*** Information supplied Section Begins ***

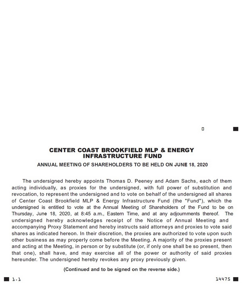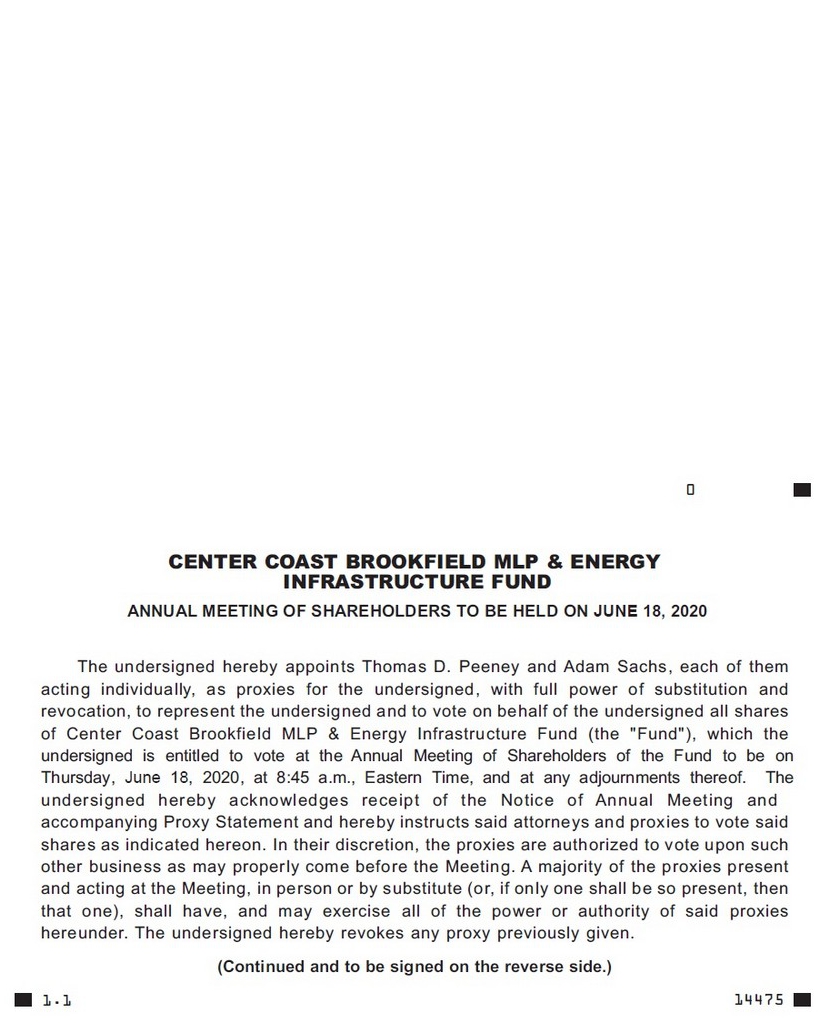 - 0 CENTER COAST BROOKFIELD MLP & ENERGY INFRASTRUCTURE FUND ANNUAL MEETING OF SHAREHOLDERS TO BE HELD ON JUNE 18, 2020 The undersigned hereby appoints Thomas D. Peeney and Adam Sachs, each of them acting individually, as proxies for the undersigned, with full power of substitution and revocation, to represent the undersigned and to vote on behalf of the undersigned all shares of Center Coast Brookfield MLP & Energy Infrastructure Fund (the "Fund"), which the undersigned is entitled to vote at the Annual Meeting of Shareholders of the Fund to be on Thursday, June 18, 2020, at 8:45 a.m., Eastern Time, and at any adjournments thereof. The unde r s i gne d he r eb y ackno wl edge s r ec e i p t o f th e N ot i c e o f A nnua l Meet i n g an d accompanying Proxy Statement and hereby instructs said attorneys and proxies to vote said shares as indicated hereon. In their discretion, the proxies are authorized to vote upon such other business as may properly come before the Meeting. A majority of the proxies present and acting at the Meeting, in person or by substitute (or, if only one shall be so present, then that one), shall have, and may exercise all of the power or authority of said proxies hereunder. The undersigned hereby revokes any proxy previously given. (Continued and to be signed on the reverse side.) 14475 1.1
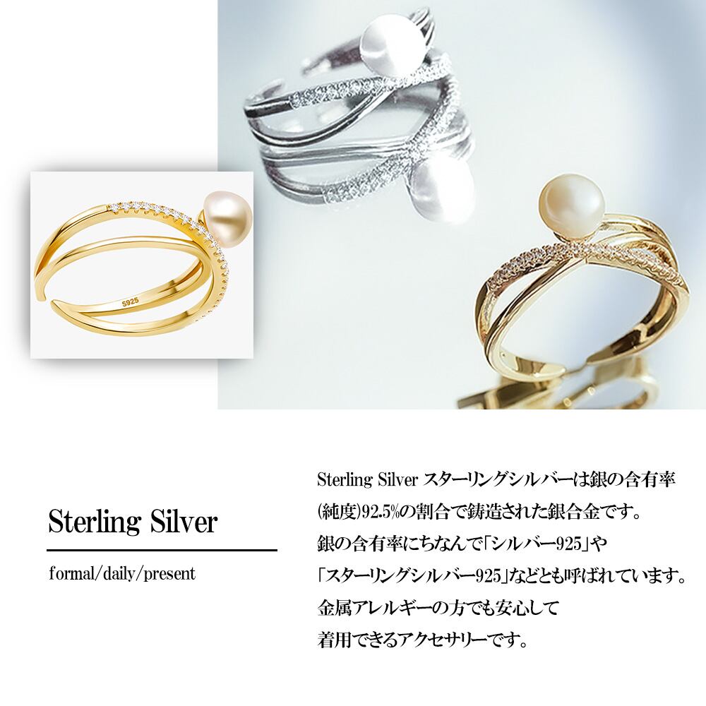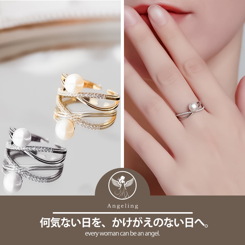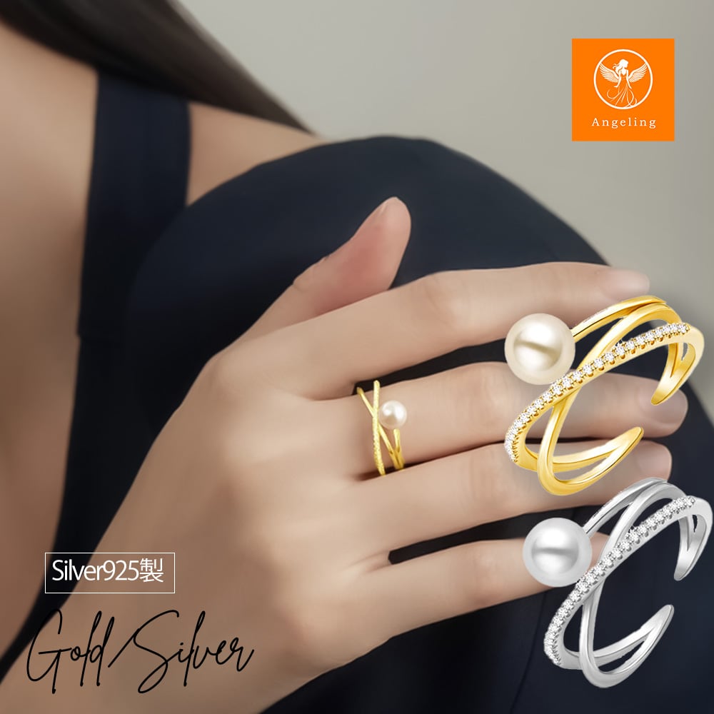 一粒パールリング レディース K18 18金 イエローゴールド 加工 スワロフスキー パール CZ ダイヤモンド アシンメトリー リング クロスライン シルバー 925 誕生日 プレゼント 結婚記念日 妻 嫁 金属アレルギー | Angeling
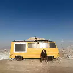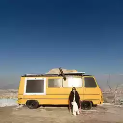 At the top of the hill, you’ll find a cute yellow van set against the backdrop of beautiful mountains and cliffs—a perfect spot for photos!
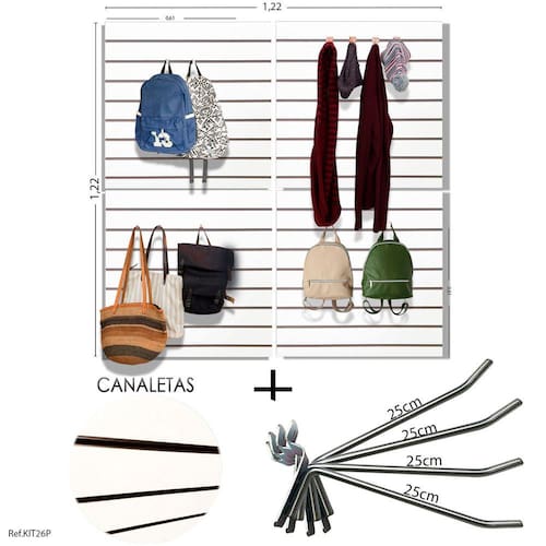 Painel Canaletado Expositor em MDF, também conhecido como SlatWall, é utilizado para exposição organizada de produtos dos mais diversos segmentos. O Kit com 4 unidades de painel na medida de 0,61 x 0,61 permite que o comprador faça a instalação da maneira que melhor o convém! Isso se deve pela medida que pode compor peças maiores, adequando assim da melhor maneira para o seu negócio.
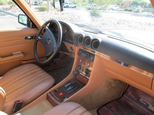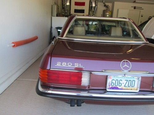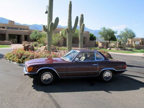 1985 280SL Euro with 64K original miles in beautiful condition.Vin# isWDB1070421A033428. This is a foreign import vehicle. Accident free, zero rust, with high gloss original paint in unique European Burgundy color, body is ding free. Chrome outside and inside is perfect. All rubber seals are like new. Interior is in prime condition with like new dash. This is a Inland California and Tucson Arizona car that has always been garaged and even kept out of the rain.Car has new brakes, Michelins, flex disk, shocks, Dual AC and Heat, up graded cold AC. Service records, MB Manuals, owners manuals in English and German, original first aide kit and clock keeps excellent time. Excellent mechanical condition throughout with the sturdy 110 engine and corresponding transmission. Top lift included. Car meets all USA DOT requirements and has passed smog test in California a number of times. Smog is not required where we now live in Arizona.This European model has the much desired European headlights and bumpers. I am the second owner and have had the car for over 20 years. Original owner imported the car to inland California form the Mercedes factory in Germany.Car is available for pick up in Tucson Az. area .Payment would be by cashiers check or Pay Pay. Transportation from Arizona should be arranged by the buyer with sellers assistance. This is a beautiful Classic SL that any owner would be proud to have.
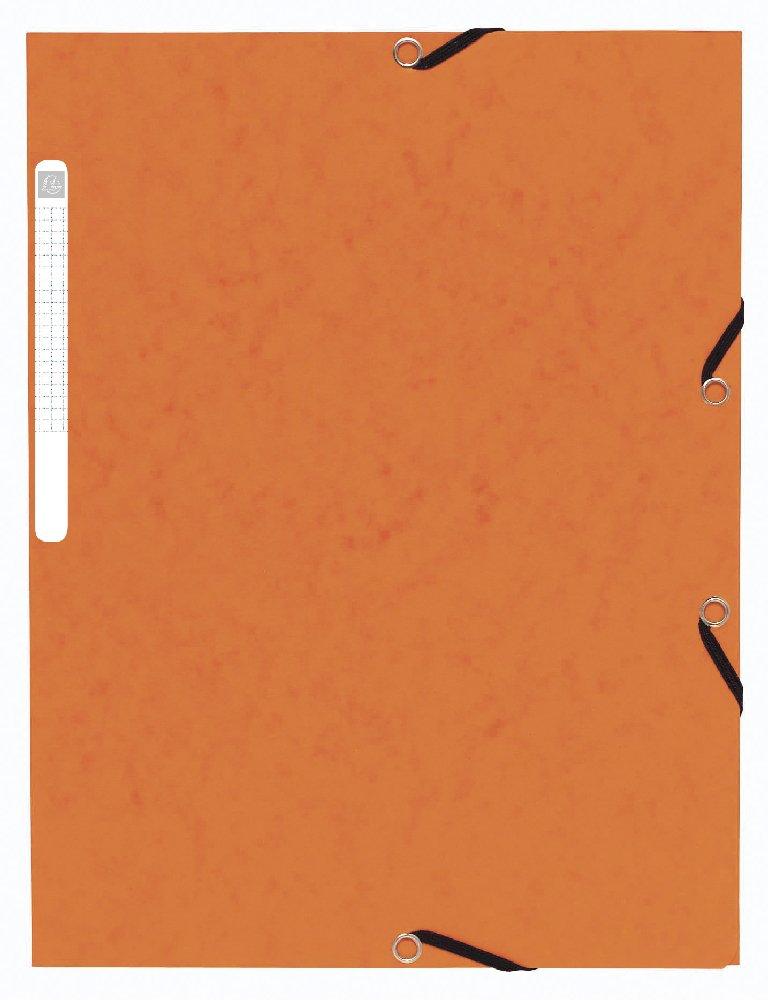 Desky - Exacompta A4, s gumičkou, oranžové jsou klasické tříklopové zakládací desky určené k evidenci a archivaci dokumentů. Dvě černé gumičky z delší strany zajišťují bezpečné uzavření a formát umožňuje založení dokumentů bez přesahu.
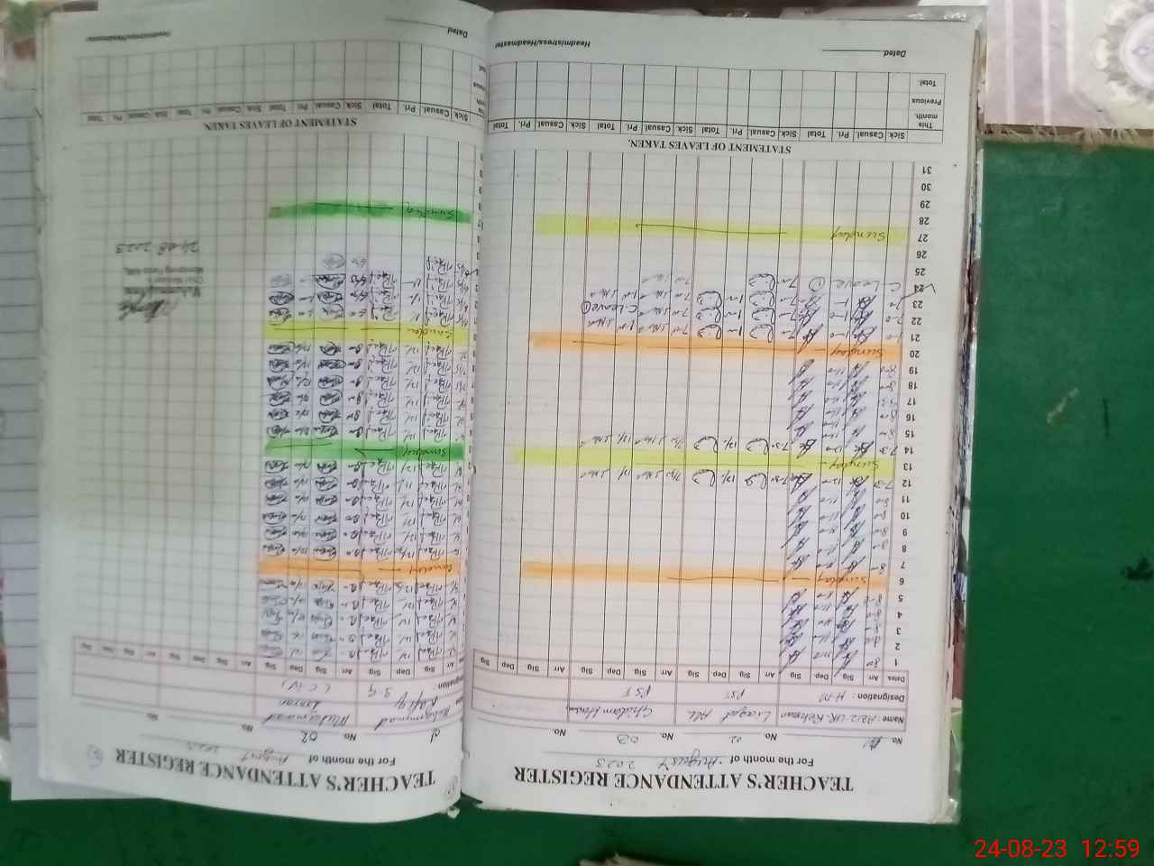 | Total no. of Classrooms: 6 No. of Classrooms Used for Teaching: 6 No. of Classrooms Storing Old Furniture, FTBs, etc: 0Comments if Any: NSB and FTF record register not updated for the month of July2023 and bank account statement for the month of June and July 2023 not available |
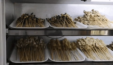 广州牛杂只有几个部位,牛肺、牛肠、牛肚啥的,这里则有一个大冰柜4层满满的,连牛肠都有好几种,也懒得挨个问老板什么部位了,每样来一串。
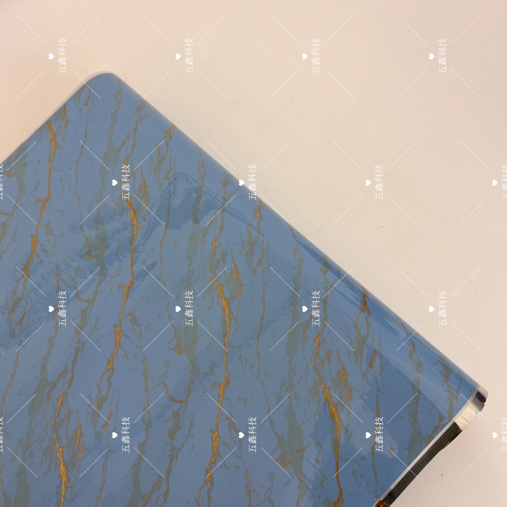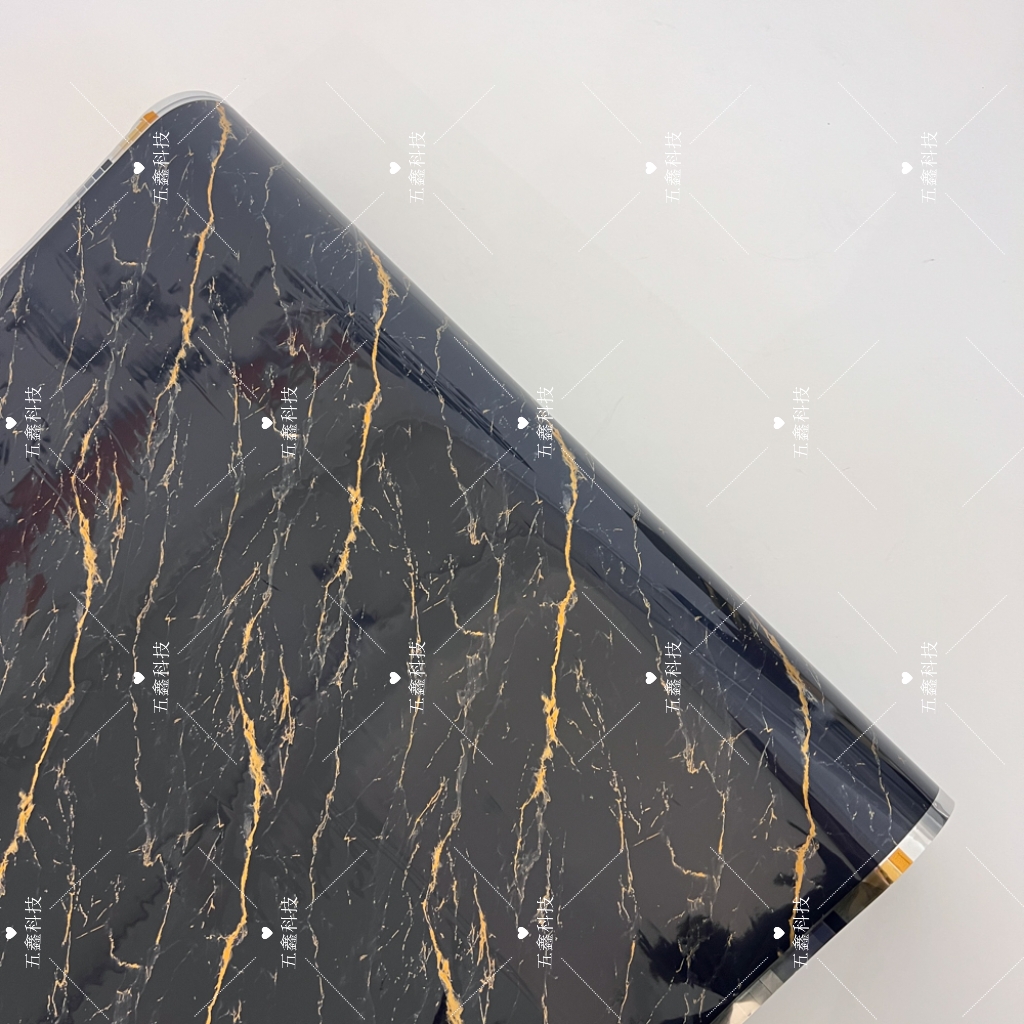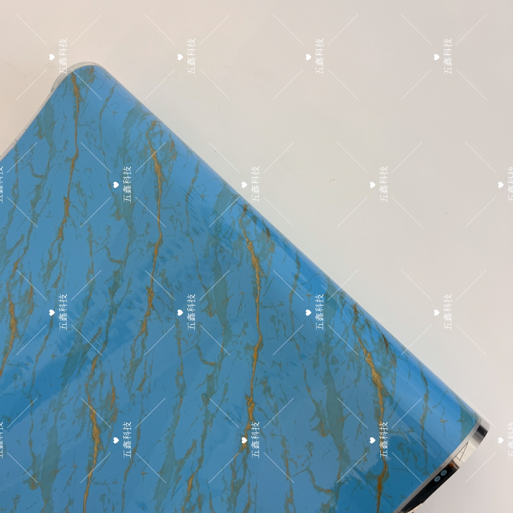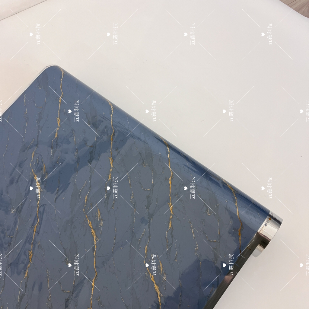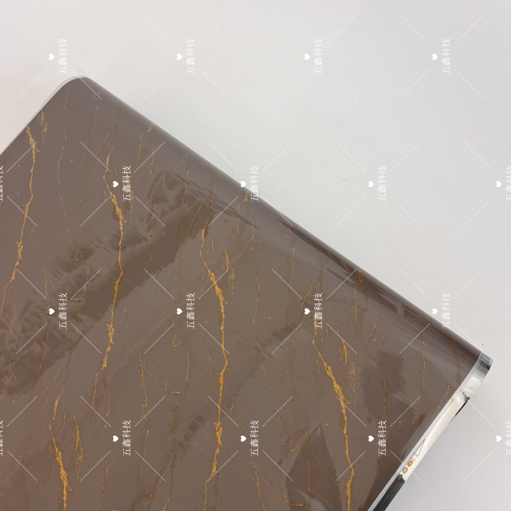 五鑫科技的鎏金大理石装饰纹系列热转印膜,涵盖棕调、浅蓝、深灰、墨黑、湖蓝等色调,以大理石肌理为基底,交错着鎏金线条。它耐刮擦不易留痕,遇水擦拭即净,长期日晒也不易褪色,适配PS、PVC材质的装饰板、格栅板,能为这类板材表面赋予精致且耐用的装饰质感。

*** Information supplied Section Ends ***

* **Your task**
Please give back the data above word for word, with no pictures included.

* **Worked solution**
 - 0 CENTER COAST BROOKFIELD MLP & ENERGY INFRASTRUCTURE FUND ANNUAL MEETING OF SHAREHOLDERS TO BE HELD ON JUNE 18, 2020 The undersigned hereby appoints Thomas D. Peeney and Adam Sachs, each of them acting individually, as proxies for the undersigned, with full power of substitution and revocation, to represent the undersigned and to vote on behalf of the undersigned all shares of Center Coast Brookfield MLP & Energy Infrastructure Fund (the "Fund"), which the undersigned is entitled to vote at the Annual Meeting of Shareholders of the Fund to be on Thursday, June 18, 2020, at 8:45 a.m., Eastern Time, and at any adjournments thereof. The unde r s i gne d he r eb y ackno wl edge s r ec e i p t o f th e N ot i c e o f A nnua l Meet i n g an d accompanying Proxy Statement and hereby instructs said attorneys and proxies to vote said shares as indicated hereon. In their discretion, the proxies are authorized to vote upon such other business as may properly come before the Meeting. A majority of the proxies present and acting at the Meeting, in person or by substitute (or, if only one shall be so present, then that one), shall have, and may exercise all of the power or authority of said proxies hereunder. The undersigned hereby revokes any proxy previously given. (Continued and to be signed on the reverse side.) 14475 1.1
 一粒パールリング レディース K18 18金 イエローゴールド 加工 スワロフスキー パール CZ ダイヤモンド アシンメトリー リング クロスライン シルバー 925 誕生日 プレゼント 結婚記念日 妻 嫁 金属アレルギー | Angeling
 At the top of the hill, you’ll find a cute yellow van set against the backdrop of beautiful mountains and cliffs—a perfect spot for photos!
 Painel Canaletado Expositor em MDF, também conhecido como SlatWall, é utilizado para exposição organizada de produtos dos mais diversos segmentos. O Kit com 4 unidades de painel na medida de 0,61 x 0,61 permite que o comprador faça a instalação da maneira que melhor o convém! Isso se deve pela medida que pode compor peças maiores, adequando assim da melhor maneira para o seu negócio.
 1985 280SL Euro with 64K original miles in beautiful condition.Vin# isWDB1070421A033428. This is a foreign import vehicle. Accident free, zero rust, with high gloss original paint in unique European Burgundy color, body is ding free. Chrome outside and inside is perfect. All rubber seals are like new. Interior is in prime condition with like new dash. This is a Inland California and Tucson Arizona car that has always been garaged and even kept out of the rain.Car has new brakes, Michelins, flex disk, shocks, Dual AC and Heat, up graded cold AC. Service records, MB Manuals, owners manuals in English and German, original first aide kit and clock keeps excellent time. Excellent mechanical condition throughout with the sturdy 110 engine and corresponding transmission. Top lift included. Car meets all USA DOT requirements and has passed smog test in California a number of times. Smog is not required where we now live in Arizona.This European model has the much desired European headlights and bumpers. I am the second owner and have had the car for over 20 years. Original owner imported the car to inland California form the Mercedes factory in Germany.Car is available for pick up in Tucson Az. area .Payment would be by cashiers check or Pay Pay. Transportation from Arizona should be arranged by the buyer with sellers assistance. This is a beautiful Classic SL that any owner would be proud to have.
 Desky - Exacompta A4, s gumičkou, oranžové jsou klasické tříklopové zakládací desky určené k evidenci a archivaci dokumentů. Dvě černé gumičky z delší strany zajišťují bezpečné uzavření a formát umožňuje založení dokumentů bez přesahu.
 | Total no. of Classrooms: 6 No. of Classrooms Used for Teaching: 6 No. of Classrooms Storing Old Furniture, FTBs, etc: 0Comments if Any: NSB and FTF record register not updated for the month of July2023 and bank account statement for the month of June and July 2023 not available |
 广州牛杂只有几个部位,牛肺、牛肠、牛肚啥的,这里则有一个大冰柜4层满满的,连牛肠都有好几种,也懒得挨个问老板什么部位了,每样来一串。
 五鑫科技的鎏金大理石装饰纹系列热转印膜,涵盖棕调、浅蓝、深灰、墨黑、湖蓝等色调,以大理石肌理为基底,交错着鎏金线条。它耐刮擦不易留痕,遇水擦拭即净,长期日晒也不易褪色,适配PS、PVC材质的装饰板、格栅板,能为这类板材表面赋予精致且耐用的装饰质感。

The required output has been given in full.